> _The problem_:
Reproduce the data below exactly. Skip the pictures.

> _Supplied information_:
#####

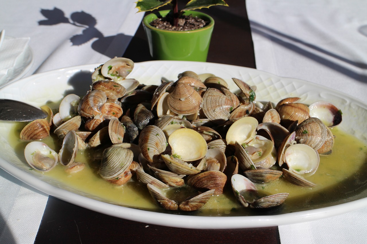 この日は「塩とガーリックで味付けしたアサリ」を前菜にして、その日のお勧めの魚を二人でシェア。この他、”お通し”で海鮮サラダが付いてきた。いずれも見た目、味ともに楽しませてもらった。
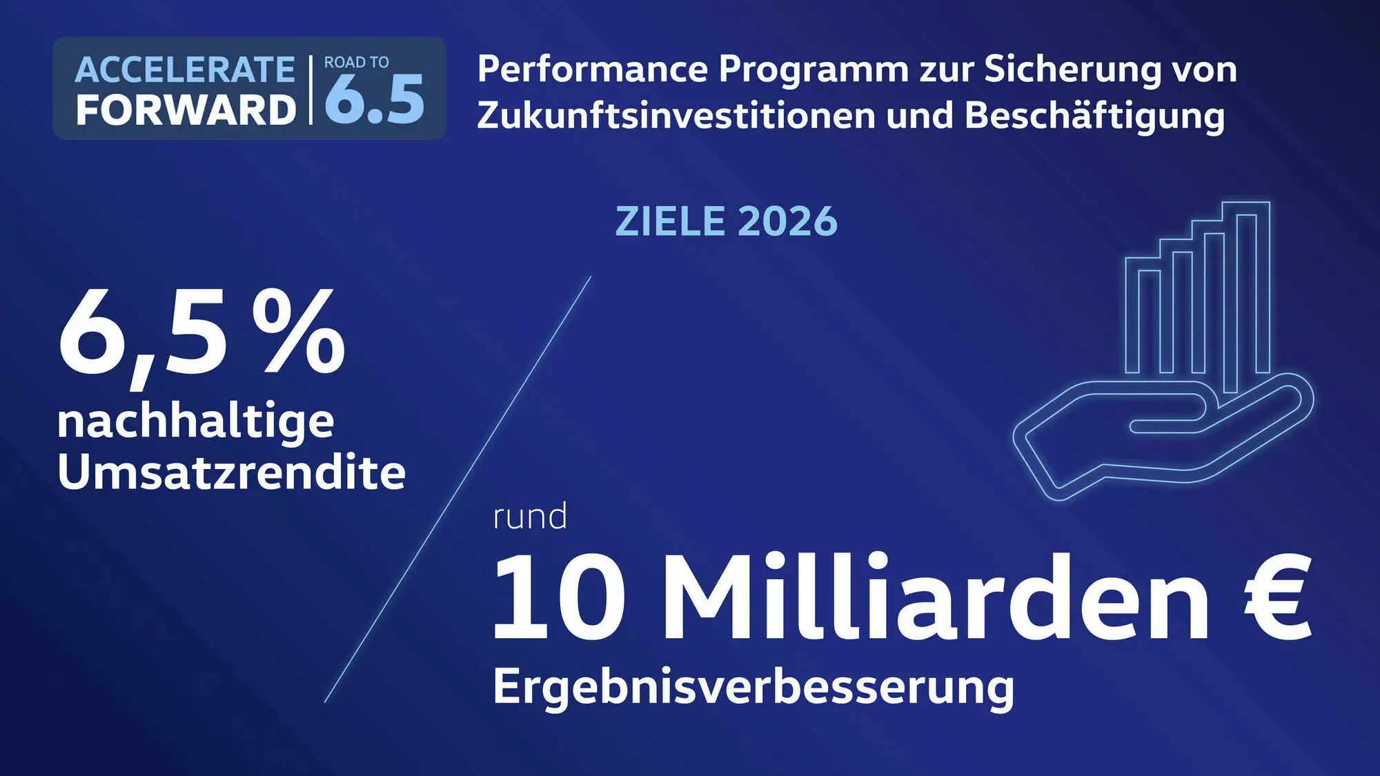 Volkswagen will mit Accelerate Forward bis 2026 eine Umsatzrendite von 6,5 Prozent erreichen. Dafür plant die Marke u.a., Verwaltungsabläufe zu entschlacken und zu beschleunigen, Effizienz in Entwicklung und Produktion zu erhöhen, die Modellpalette zu straffen und gleichzeitig Ausstattungsvarianten zu reduzieren sowie die Produktqualität weiter zu steigern. Diese Maßnahmen sollen innerhalb von drei Jahren zu einem um 10 Mrd. € verbesserten Ergebnis führen. (jr)
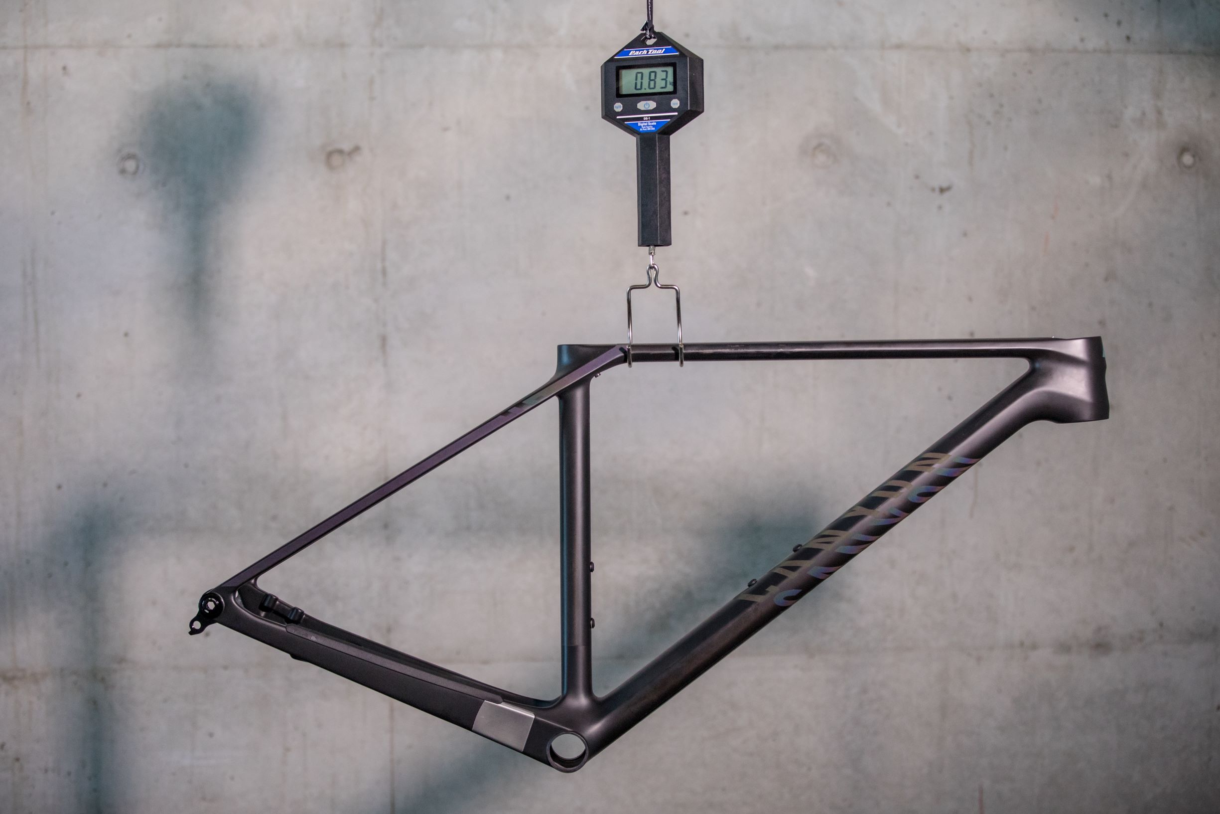 Le carbone n’est d’ailleurs pas le seul point sur lequel la marque allemande a cherché à gagner du poids puisqu’en version CFR, la finition (vernis, peinture, décorations) ne pèse que 39 g et le protège-base n’atteint même pas 10 g (annoncé à 9 g). Au total, en ajoutant également le serrage de selle, la protection contre les remontées de chaîne et la patte de dérailleur universelle Sram, le cadre ne dépasse pas les 835 g sur la balance.

#####

> _Solution to the exercise_:
 この日は「塩とガーリックで味付けしたアサリ」を前菜にして、その日のお勧めの魚を二人でシェア。この他、”お通し”で海鮮サラダが付いてきた。いずれも見た目、味ともに楽しませてもらった。
 Volkswagen will mit Accelerate Forward bis 2026 eine Umsatzrendite von 6,5 Prozent erreichen. Dafür plant die Marke u.a., Verwaltungsabläufe zu entschlacken und zu beschleunigen, Effizienz in Entwicklung und Produktion zu erhöhen, die Modellpalette zu straffen und gleichzeitig Ausstattungsvarianten zu reduzieren sowie die Produktqualität weiter zu steigern. Diese Maßnahmen sollen innerhalb von drei Jahren zu einem um 10 Mrd. € verbesserten Ergebnis führen. (jr)
 Le carbone n’est d’ailleurs pas le seul point sur lequel la marque allemande a cherché à gagner du poids puisqu’en version CFR, la finition (vernis, peinture, décorations) ne pèse que 39 g et le protège-base n’atteint même pas 10 g (annoncé à 9 g). Au total, en ajoutant également le serrage de selle, la protection contre les remontées de chaîne et la patte de dérailleur universelle Sram, le cadre ne dépasse pas les 835 g sur la balance.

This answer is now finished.